Produce an exact copy of all the data below, dropping every image.

= Data block =
--------------------------------------------------

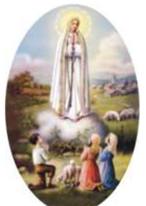
1917 - Fatima
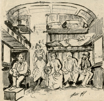
სამეხი აქურ რენის გზით მოგზაურობის.
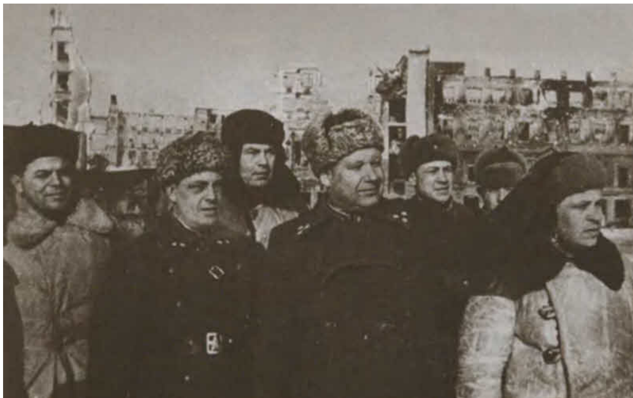
М. С. Шумилов на площади Павших борцов. Сталинград, 1943 г.

--------------------------------------------------

= Response to the task =
1917 - Fatima
სამეხი აქურ რენის გზით მოგზაურობის.
М. С. Шумилов на площади Павших борцов. Сталинград, 1943 г.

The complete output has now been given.